Cheika’s ire hits the wire
Michael Cheika’s displeasure with the officiating in the Test rugby series against England has reached new heights.
Wallabies coach Michael Cheika has made it obvious he has not been happy with the officiating in the Test rugby series against England but his displeasure reached new heights — literally — when the ball hit the wire holding aloft the Spidercam on Saturday night.
Australia had begun the second half with a precarious 18-17 advantage but as England pressed in the opening minutes of the stanza, a 42nd-minute kick hit one of the support wires holding Spidercam and skewed off course at Allianz Stadium.
It was the first time Spidercam had ever come into play in Test rugby, though Australian cricket captain Steve Smith complained of being distracted by the wires when he dropped a skied catch from Indian batsman KL Rahul at the neighbouring SCG in January.
Cheika admitted he was astounded when Welsh referee Nigel Owens called play-on instead of stopping play and setting a scrum, as the rules appear to dictate.
“It can’t hit the camera wire and [have] play on,” the Wallabies coach said.
“He said over the microphone that it was 50-50 for each team. No, if you’re waiting to catch the ball and all of a sudden it hits the wire and you’re out of position — and the ball has been kicked to us — I don’t see how that can be play-on. But what do you do?”
Australian captain Stephen Moore also was mystified with Owens’ ruling. “I think there has to be a clear rule about that. If it hits the wire there’s got to be an outcome.”
Yet the controversy didn’t stop there because soon after England kicked to the corner, giving Australia a lineout throw just five metres from their own tryline.
The plan was for Moore to throw it to debutant Adam Coleman, who had come on at the start of the second half and was preparing to catch his first Test lineout ever.
But the Australian skipper appeared to overthrow the ball and Coleman got only his fingers to it as it sailed over the back to England flanker Chris Robshaw.

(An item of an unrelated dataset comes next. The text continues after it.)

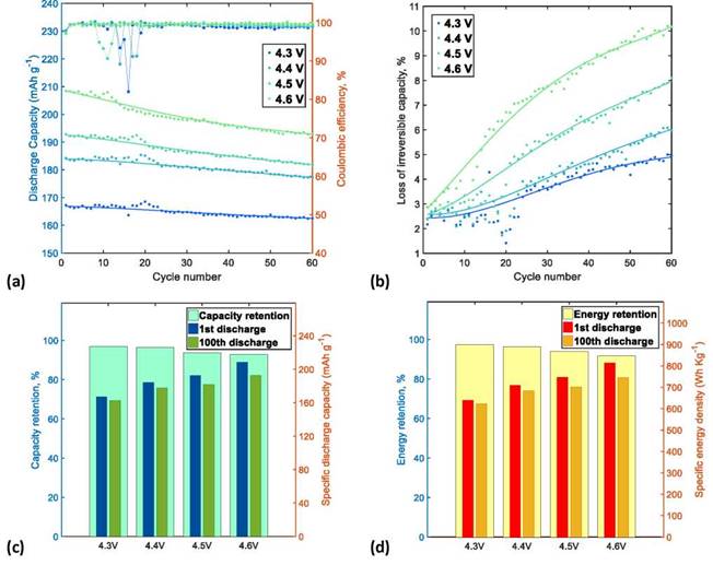 ICL is usually related to the increase in interna! resistances in the delithiation kinetics of charging process, which triggers CF during the charge/discharge cycles [7]. After the formation cycles, the first cycles of the NMC622/Li half-cells operated at UCVs of 4.3, 4.4, 4.5, and 4.6 V have similar ICLs of 2.18%, 2.38%, 2.42% and 2.88%, respectively. However, during the charge/discharge cycles, charge overpotential (i.e., impediment of delithiation) increases while the amount of delithiation (equal to charge capacity) is reduced, which causes a severe ICL, especially in the cells cycled at high UCVs; therefore, at the end of 60 charge/discharge cycles, ICLs were 4.94%, 5.9 %, 8.10%, and 10.1 %, respectively, as shown in Figure 5b.

He charged for the tryline and was just held up by the Australians. But from the ensuing scrum there was no stopping No 8 Billy Vunipola as he picked up from the set piece and barrelled his way through the tackle of winger Dane Haylett-Petty in the 44th minute.
But it came to light in the post-match press conference that there was an explanation for Moore uncharacteristic overthrow.

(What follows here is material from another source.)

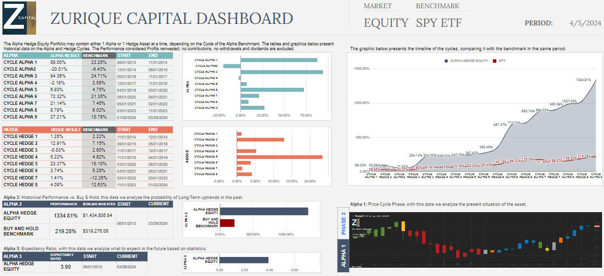 The Equity Market is in Phase 3 (Belief Phase). Accordingly, an Alpha position was assembled in January/24. In this Alpha Cycle, up until April 5, 2024, it yielded a return of +27.21%, and +1334.81% since June 2013.

“There was little bit too much intervention because Moorey was throwing a lineout and the linesman was pushing him in the back,” Cheika said.
That was the one we missed down near our line. In the microphone he’s telling England to get out of the way so he’s telling the ref to tell England to move out of the gap and he’s pushing Stephen in the back while he’s throwing the ball in the lineout and he missed the throw.

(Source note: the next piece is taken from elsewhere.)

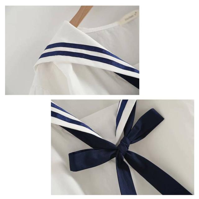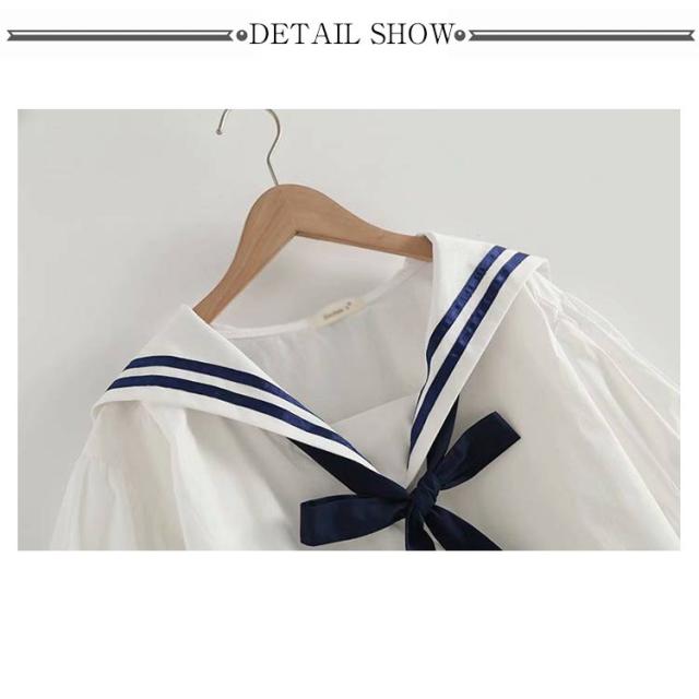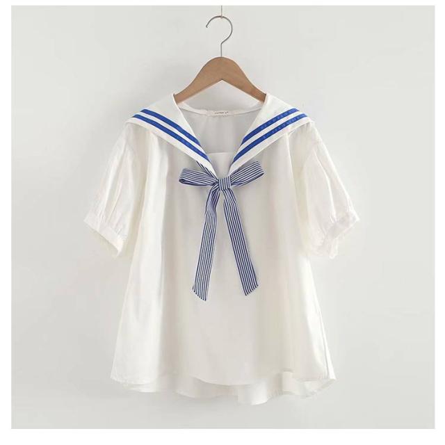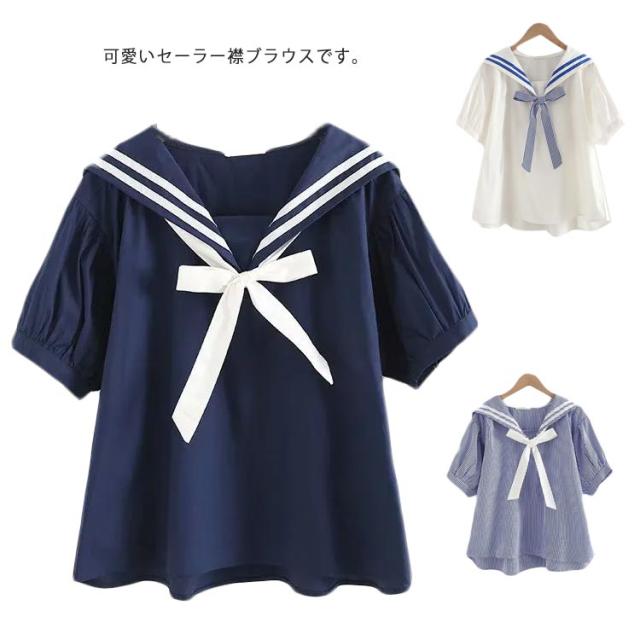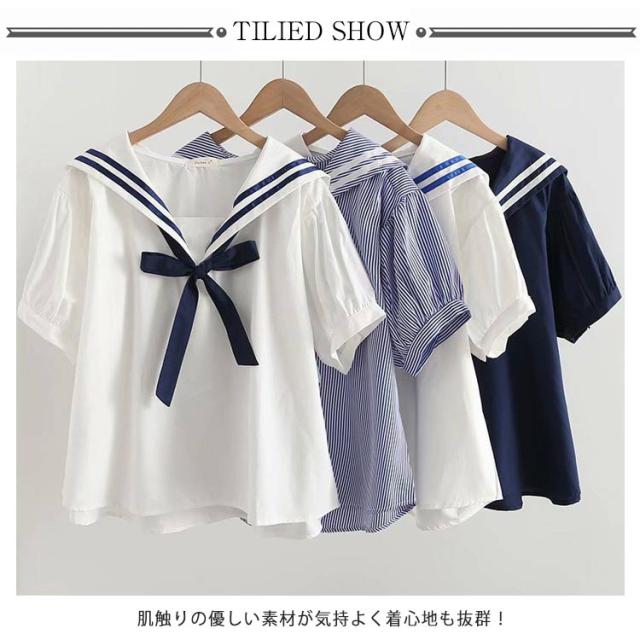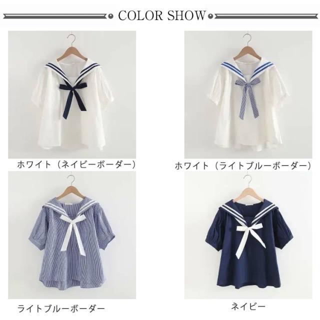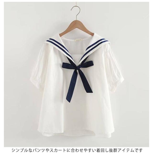送料無料 Tシャツ レディース ブラウス セーラー襟 五分袖 萌え セーラー風 リボン 夏 無地 学生風 かわいい カジュアル ゆったり お出かけ 通学 通勤

“We held the guy up but they scored off the next play. Just let them be inside the gap, or penalise them but that intervention is not required. But when the ball hits Spidercam, then intervention is required. I don’t think anyone would think it’s a fair go after that.”
Discipline cost the Wallabies dearly, not only last night but throughout the three Tests with world-class England kicker Owen Farrell finishing with 66 points for the series, 45 of them coming from penalty goals.
“It I was to give our discipline a figure out of 10 it would be 5 or six, although there’s been no secret that I’m not been happy with the refereeing,” Cheika said.
Already his thoughts are turning to Australia’s next assignment, two Tests against the All Blacks in August, though after losing to Eddie Jones’ England in straight sets, he does not expect expectations will be nearly as high.
“I don’t think anyone is expecting anything to happen so we can just put in and work hard.”